IT has made 59 acquisitions since 1995, with 41 of these coming after 2000, but tech giant IBM's software group certainly isn't stopping there, according to a senior company executive.

In an interview with BizIT last week, Neil Isford, vice-president of IBM's software business for its Asia-Pacific operations, said that the company intends to continue an aggressive strategy that calls for acquisitions to account for some '2 to 3 per cent of our revenues'.

'We make acquisitions to fill in the gaps or to get a headstart,' said Mr Isford, adding: 'We are different from Oracle in that we don't buy overlaps.'

Last year, IBM's software group accounted for US$18.2 billion of Big Blue's total revenues of US$91.4 billion. IBM spent almost US$5 billion on 13 acquisitions last year, one of which was content management firm FileNet for US$1.6 billion.

'It's not a dramatic shift in strategy,' acknowledged Mr Isford, explaining that the business model has worked for the company 'for a couple of years'. He revealed that the plan called for it to grow its middleware revenue 8 to 11 per cent. Last year, its middleware business met this target by growing grew 10.7 per cent.

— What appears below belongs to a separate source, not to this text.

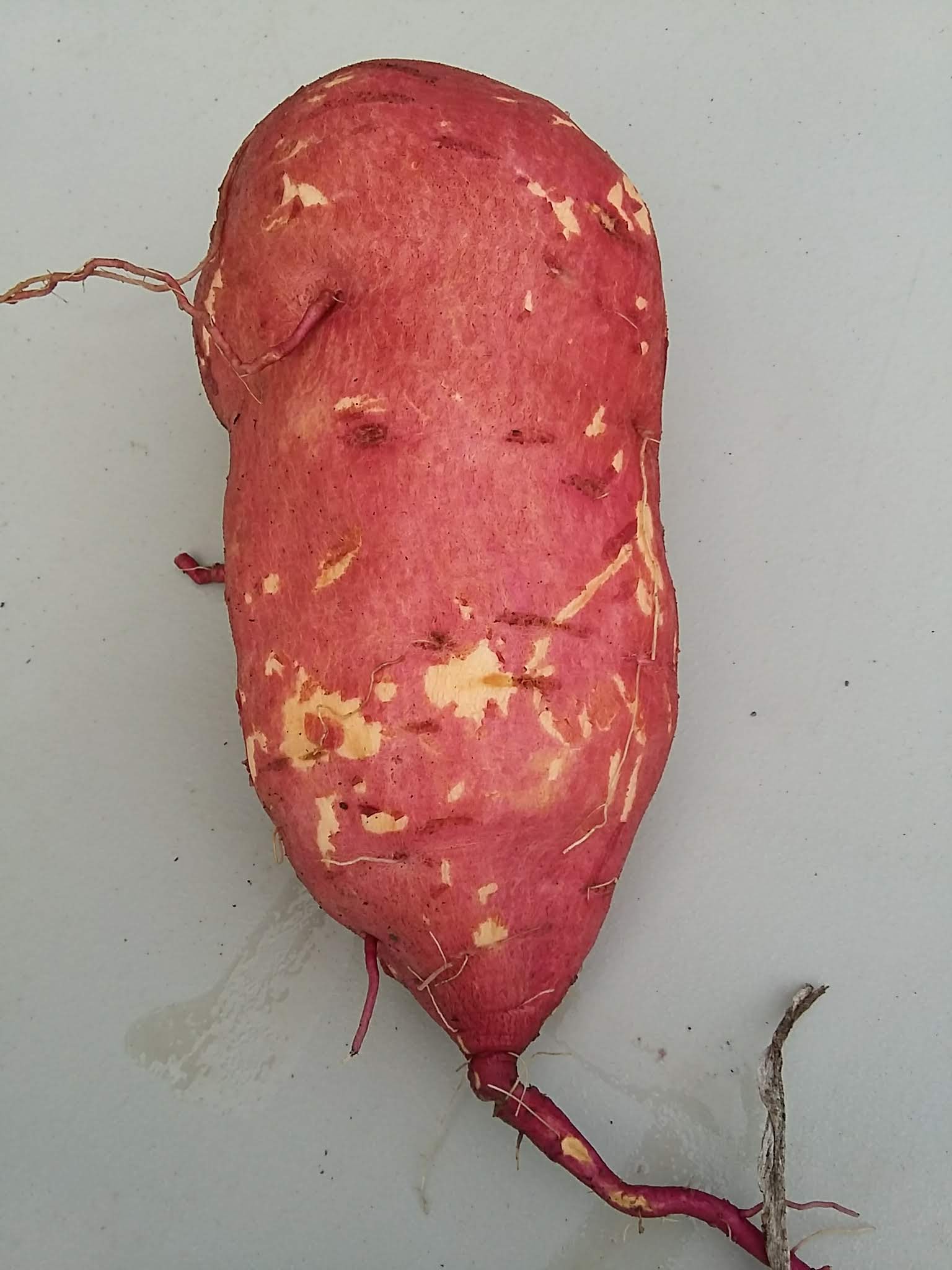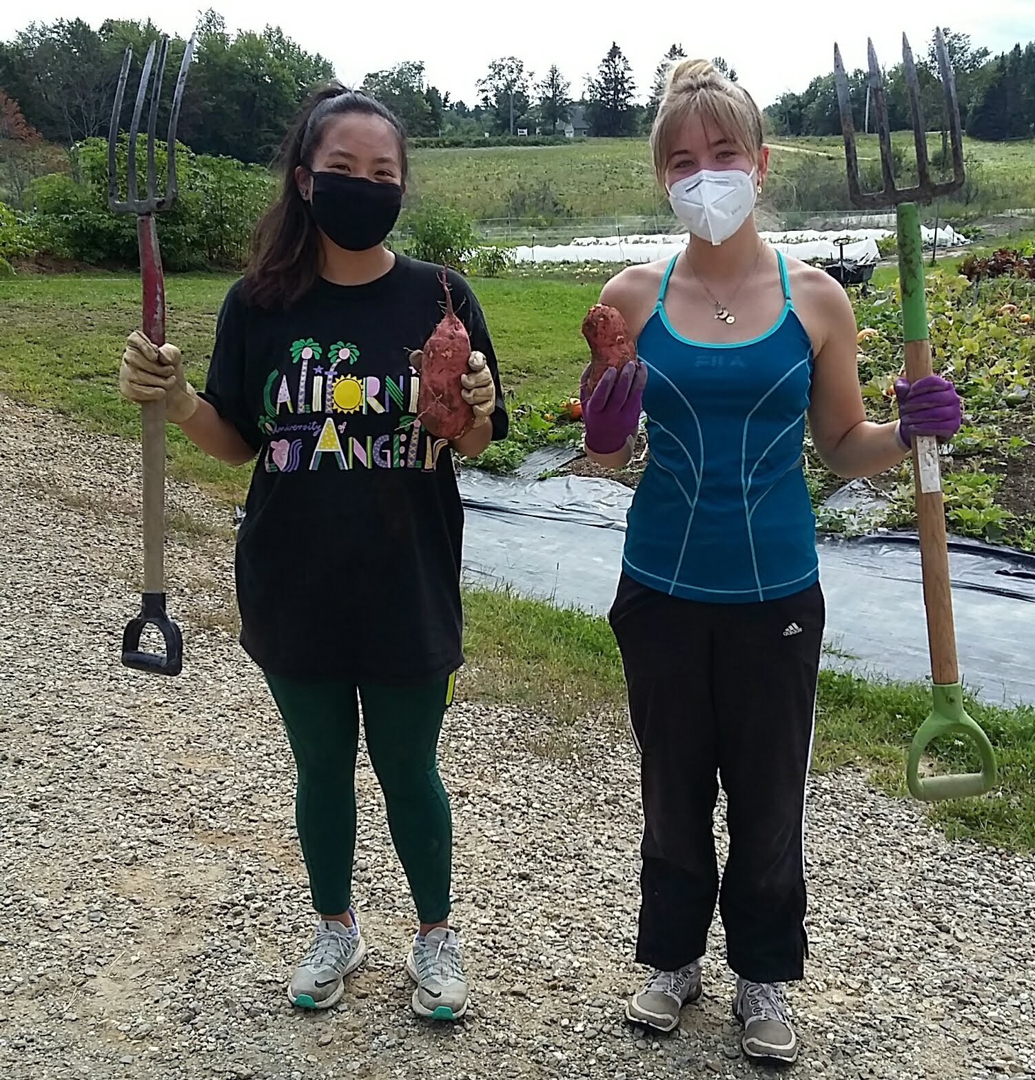In addition, we still have 10 other vegetables on our harvest schedule. This week we took a peek at our sweet potato plot and this is what we found. Our two newest WWOOFERs, Aly and Ellie, are holding up examples of sweet potatoes weighing in at 1.5# or more!

Middleware is software that connects software applications together. IBM's five major middleware brands - Lotus, Websphere, Tivoli, Information Management and Rational - accounted for US$9.4 billion in revenue last year.

The company also wanted to grow profitability of the software segment by 10 to 12 per cent, and last year's performance exceeded this target with a 14.9 per cent increase in pre-tax profit.

The senior executive also noted that software trends in the region echoed that of worldwide trends, and last year, IBM's regional software business registered 'high double-digit growth' in India and Asean. Of the worldwide software market, estimated at US$222 billion, a huge part of it - about 40 per cent - is estimated to be middleware, said Mr Isford. 'What's driving middleware is the need to integrate systems, which could account for about 40 per cent of IT budgets, according to IDC. Another factor driving middleware is the increase in mergers and acquisitions (M&As). This drives the need for a flexible infrastructure,' he said.

However, the challenge the company currently faces in growing its business is the ability to find enough talent to scale the business. Thus, the company is investing more money into training, educating partners, as well as trying to get projects which are repeatable, or those that can leverage off previous projects.

Part of the group's plans is also to introduce more solutions targeted at specific vertical industries, such as for financial services institutions, government, telcos and the mid-market, which it defines as companies with less than 1,000 employees.

'The mid-market currently constitutes about 10 to 20 per cent of our revenue, and we certainly expect to grow that,' said Mr Isford.